Ces années 1900-1913 sont celles d’une détresse progressive que la famille observe sans intervenir efficacement.

L’internement : trente ans de silence

Le 3 mars 1913, quatre jours après la mort de son père, un fourgon psychiatrique vient chercher Camille Claudel dans son atelier. Sa mère et son frère Paul — le futur auteur dramatique et poète catholique — ont signé les papiers. Elle est conduite à la maison de santé de Ville-Évrard, puis transférée en 1914 à l’asile de Montdevergues, dans le Vaucluse, où elle restera jusqu’à sa mort en 1943.

Elle a soixante-dix-huit ans quand elle meurt. Elle n’a pas sculpté une seule fois pendant ses trente années d’internement. Les médecins de l’asile ont écrit à la famille, à plusieurs reprises, qu’ils ne justifiaient plus son maintien — qu’elle n’était plus dangereuse pour elle-même ou pour autrui. La famille a toujours refusé de la reprendre.

Paul Claudel, catholique fervent, grand homme de lettres, est venu la voir en 1927 — une seule fois en trente ans. Il a ensuite prétendu que sa vie artistique continua jusqu’à la fin. Ce n’est pas vrai. Elle mourut seule, oubliée, dans un asile de province, pendant la Seconde Guerre mondiale, en demandant à sortir.

La réhabilitation

La réhabilitation de Camille Claudel est l’une des grandes réparations de l’histoire de l’art du XXe siècle.
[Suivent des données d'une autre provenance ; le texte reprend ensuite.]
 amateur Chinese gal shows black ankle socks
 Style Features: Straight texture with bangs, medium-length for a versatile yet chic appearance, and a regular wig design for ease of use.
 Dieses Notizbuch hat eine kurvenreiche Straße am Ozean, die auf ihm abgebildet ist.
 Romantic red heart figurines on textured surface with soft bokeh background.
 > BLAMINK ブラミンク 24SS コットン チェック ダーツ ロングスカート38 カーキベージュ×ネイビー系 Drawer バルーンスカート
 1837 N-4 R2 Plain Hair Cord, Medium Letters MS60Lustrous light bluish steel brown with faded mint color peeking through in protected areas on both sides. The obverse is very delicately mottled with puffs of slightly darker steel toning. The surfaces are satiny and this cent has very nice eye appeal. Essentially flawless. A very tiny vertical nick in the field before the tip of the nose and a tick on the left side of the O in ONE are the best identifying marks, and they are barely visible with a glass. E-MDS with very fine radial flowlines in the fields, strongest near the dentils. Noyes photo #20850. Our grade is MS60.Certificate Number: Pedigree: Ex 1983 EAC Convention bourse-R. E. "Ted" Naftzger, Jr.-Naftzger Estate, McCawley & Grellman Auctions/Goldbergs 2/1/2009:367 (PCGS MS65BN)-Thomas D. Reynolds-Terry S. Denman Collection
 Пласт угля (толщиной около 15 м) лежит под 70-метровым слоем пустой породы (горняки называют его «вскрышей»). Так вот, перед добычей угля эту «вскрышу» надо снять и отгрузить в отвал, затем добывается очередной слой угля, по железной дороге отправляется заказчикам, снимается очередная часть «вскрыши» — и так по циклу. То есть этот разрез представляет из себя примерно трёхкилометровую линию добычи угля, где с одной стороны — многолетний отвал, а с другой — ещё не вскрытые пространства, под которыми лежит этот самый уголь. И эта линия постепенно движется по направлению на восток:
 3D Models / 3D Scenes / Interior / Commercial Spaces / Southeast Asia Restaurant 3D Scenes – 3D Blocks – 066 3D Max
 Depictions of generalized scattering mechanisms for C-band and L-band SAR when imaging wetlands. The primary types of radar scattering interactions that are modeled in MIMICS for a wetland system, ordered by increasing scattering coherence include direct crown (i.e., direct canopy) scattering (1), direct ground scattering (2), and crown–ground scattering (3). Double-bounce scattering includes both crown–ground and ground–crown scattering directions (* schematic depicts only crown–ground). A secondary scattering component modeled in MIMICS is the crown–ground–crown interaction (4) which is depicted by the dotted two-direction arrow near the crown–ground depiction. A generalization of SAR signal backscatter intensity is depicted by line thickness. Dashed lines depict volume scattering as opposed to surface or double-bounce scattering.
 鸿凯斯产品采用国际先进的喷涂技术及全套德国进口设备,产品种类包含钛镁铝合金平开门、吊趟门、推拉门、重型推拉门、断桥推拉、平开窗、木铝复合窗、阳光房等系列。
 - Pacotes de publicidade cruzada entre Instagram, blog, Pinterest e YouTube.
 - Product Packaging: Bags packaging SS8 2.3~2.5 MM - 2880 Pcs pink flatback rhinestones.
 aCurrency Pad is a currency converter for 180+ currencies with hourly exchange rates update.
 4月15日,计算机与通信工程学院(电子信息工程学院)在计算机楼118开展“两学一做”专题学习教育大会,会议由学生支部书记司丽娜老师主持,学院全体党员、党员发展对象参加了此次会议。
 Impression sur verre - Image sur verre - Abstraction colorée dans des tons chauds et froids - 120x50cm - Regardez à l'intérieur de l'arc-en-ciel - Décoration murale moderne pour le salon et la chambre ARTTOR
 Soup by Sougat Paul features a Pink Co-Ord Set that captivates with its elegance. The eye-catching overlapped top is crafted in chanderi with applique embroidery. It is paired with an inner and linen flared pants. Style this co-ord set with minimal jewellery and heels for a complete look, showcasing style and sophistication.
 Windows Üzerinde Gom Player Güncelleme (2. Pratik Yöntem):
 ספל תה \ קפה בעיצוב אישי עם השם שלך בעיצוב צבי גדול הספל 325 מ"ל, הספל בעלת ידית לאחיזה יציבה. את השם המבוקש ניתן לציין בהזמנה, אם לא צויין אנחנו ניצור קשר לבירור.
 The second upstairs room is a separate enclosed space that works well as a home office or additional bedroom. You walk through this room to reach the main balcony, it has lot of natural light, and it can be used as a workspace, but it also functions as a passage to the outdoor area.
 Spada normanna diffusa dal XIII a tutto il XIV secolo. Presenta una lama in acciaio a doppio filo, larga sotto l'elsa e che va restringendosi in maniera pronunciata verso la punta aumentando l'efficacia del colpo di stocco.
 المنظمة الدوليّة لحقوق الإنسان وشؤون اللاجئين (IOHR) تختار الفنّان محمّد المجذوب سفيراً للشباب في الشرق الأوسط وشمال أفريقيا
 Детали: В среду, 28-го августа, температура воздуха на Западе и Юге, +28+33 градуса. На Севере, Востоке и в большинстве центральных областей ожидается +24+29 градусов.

Elle commence tardivement, dans les années 1950-1960, grâce à des collectionneurs et des historiens qui redécouvrent ses œuvres dispersées. L’exposition rétrospective au musée Rodin en 1984 est un tournant. Le film de Bruno Nuytten avec Isabelle Adjani (1988) lui donne une visibilité populaire internationale.

En 2017, le musée Camille Claudel ouvre à Nogent-sur-Seine, ville de son enfance, avec la plus grande collection de ses œuvres au monde. Son nom figure désormais dans toutes les histoires de la sculpture française. L’injustice n’est pas réparée — trente ans de silence ne se réparent pas — mais la mémoire est rétablie.

Sa vie est aussi une leçon sur la façon dont les femmes artistes ont été — et parfois sont encore — traitées quand leur génie dérange, quand leur liberté effraie, quand leur souffrance est plus commode à enfermer qu’à entendre. Les femmes peintres et sculptrices de sa génération ont toutes buté contre des murs similaires — rares sont celles qui en sont sorties indemnes.